__Required work__. Set down the data below in full and exactly, minus the pictures.

__Dataset section__.
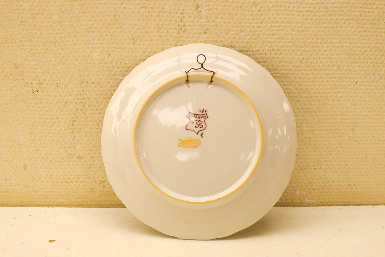 Het bord is heel en in redelijke staat. Je ziet enkele gebruikssporen op het oppervlak, wat je van een tweedehands stuk mag verwachten, maar niets wat afbreuk doet aan het geheel. Het heeft zijn originele ophang-ijzertje aan de achterkant.
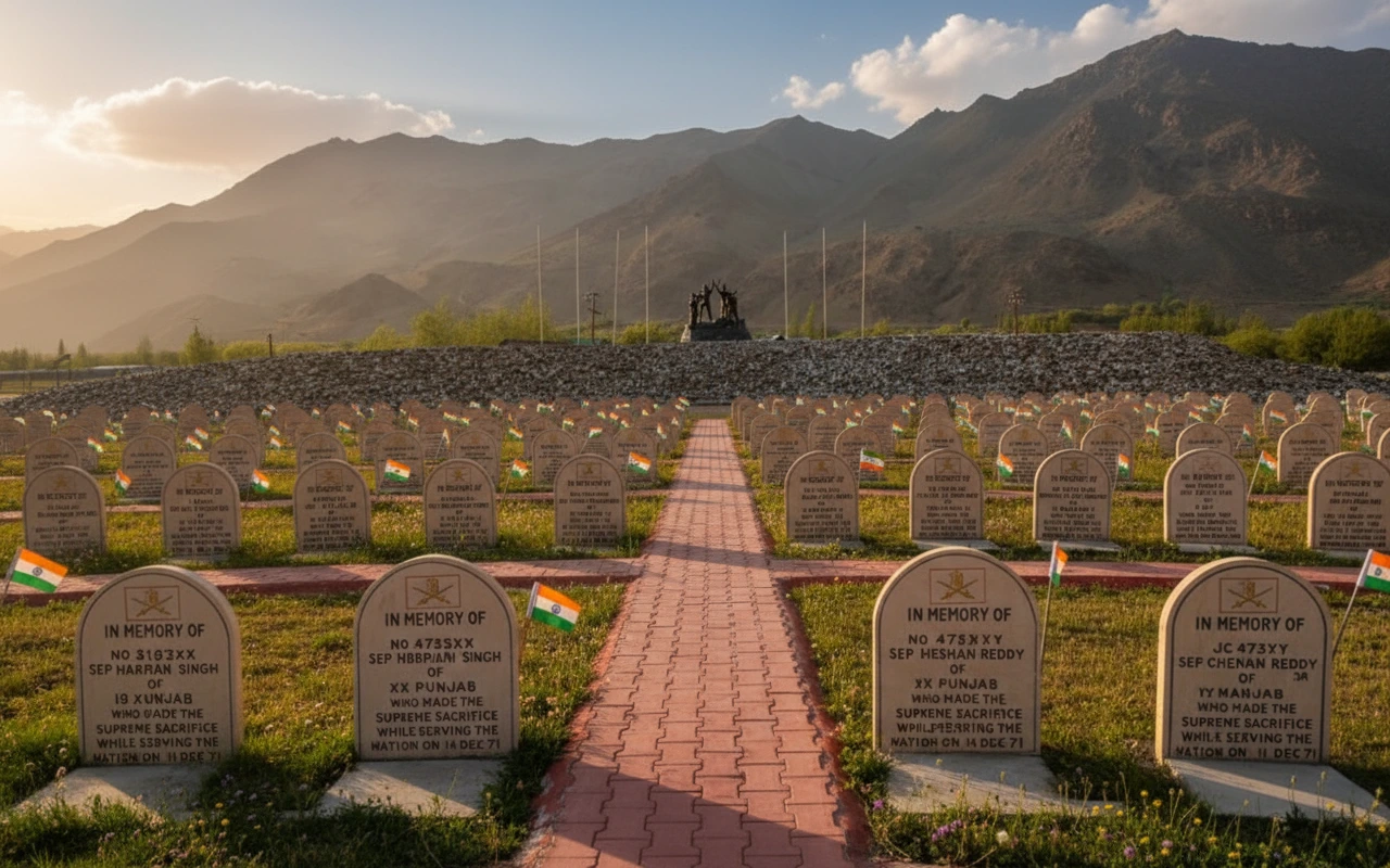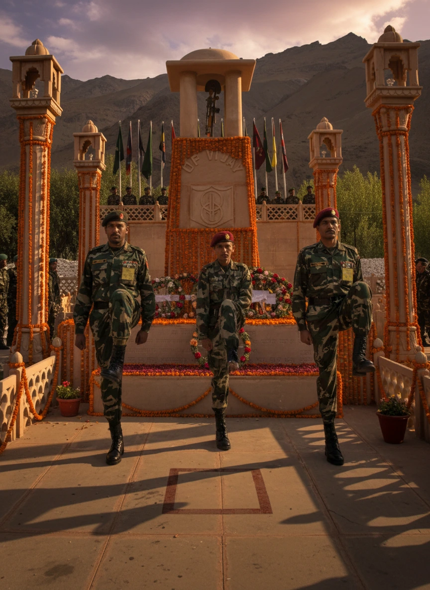• 🇮🇳 View the golden Memorial Wall (Wall of Heroes) honoring fallen bravehearts 🕯️.
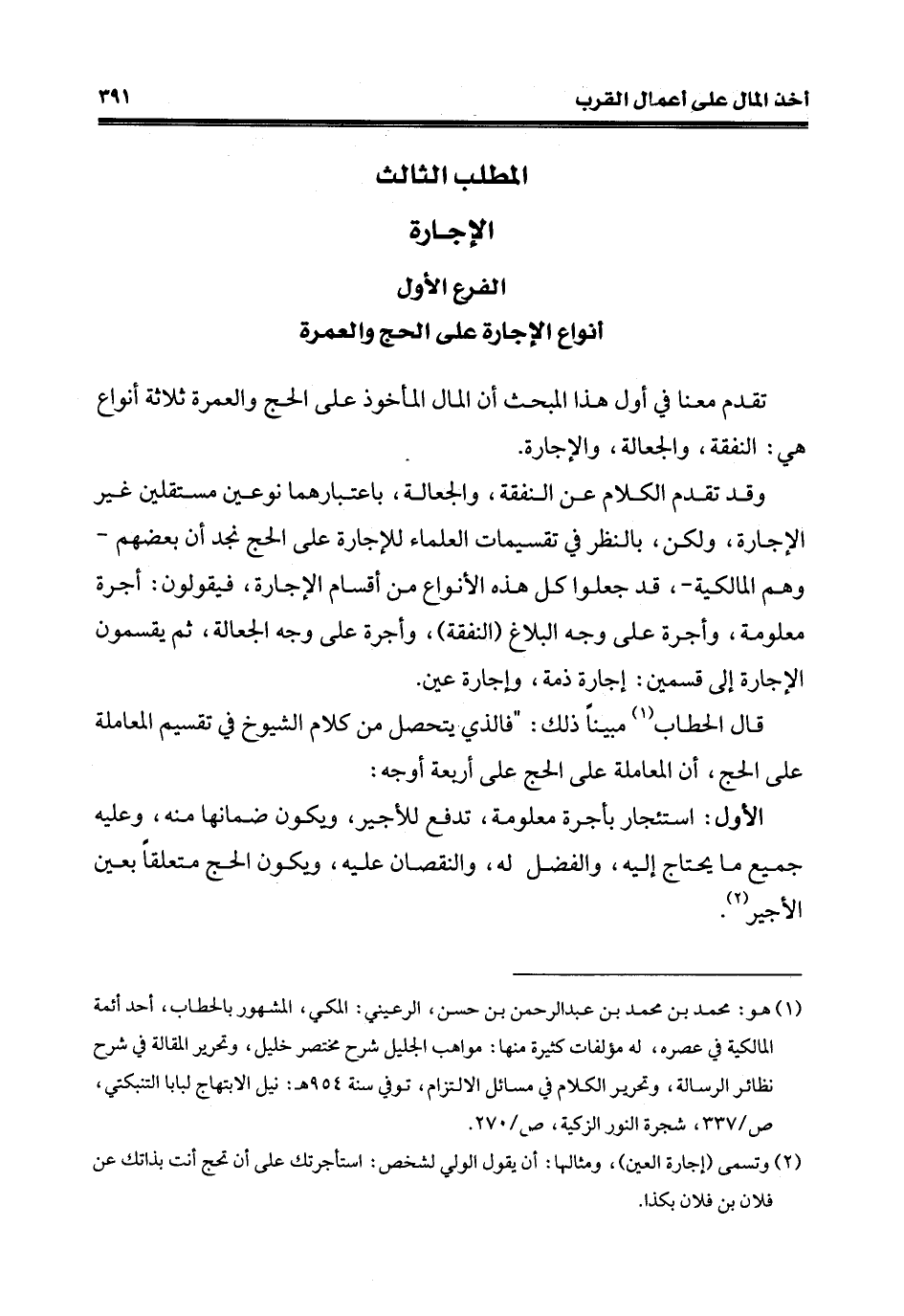(¬1) هو: محمّد بن محمّد بن عبد الرّحمن بن حسن، الرعيني: المكي، المشهور بالحطاب، أحد أئمة المالكية في عصره، له مؤلفات كثيرة منها: مواهب الجليل شرح مختصر خليل، وتحرير المقالة في شرح نظائر الرسالة، وتحرير الكلام في مسائل الالتزام، توفي سنة 954 هـ: نيل الابتهاج لبابا التنبكتي، ص/337، شجرة النور التركية، ص / 270.

__Solution for this exercise__.
 Het bord is heel en in redelijke staat. Je ziet enkele gebruikssporen op het oppervlak, wat je van een tweedehands stuk mag verwachten, maar niets wat afbreuk doet aan het geheel. Het heeft zijn originele ophang-ijzertje aan de achterkant.
• 🇮🇳 View the golden Memorial Wall (Wall of Heroes) honoring fallen bravehearts 🕯️.
(¬1) هو: محمّد بن محمّد بن عبد الرّحمن بن حسن، الرعيني: المكي، المشهور بالحطاب، أحد أئمة المالكية في عصره، له مؤلفات كثيرة منها: مواهب الجليل شرح مختصر خليل، وتحرير المقالة في شرح نظائر الرسالة، وتحرير الكلام في مسائل الالتزام، توفي سنة 954 هـ: نيل الابتهاج لبابا التنبكتي، ص/337، شجرة النور التركية، ص / 270.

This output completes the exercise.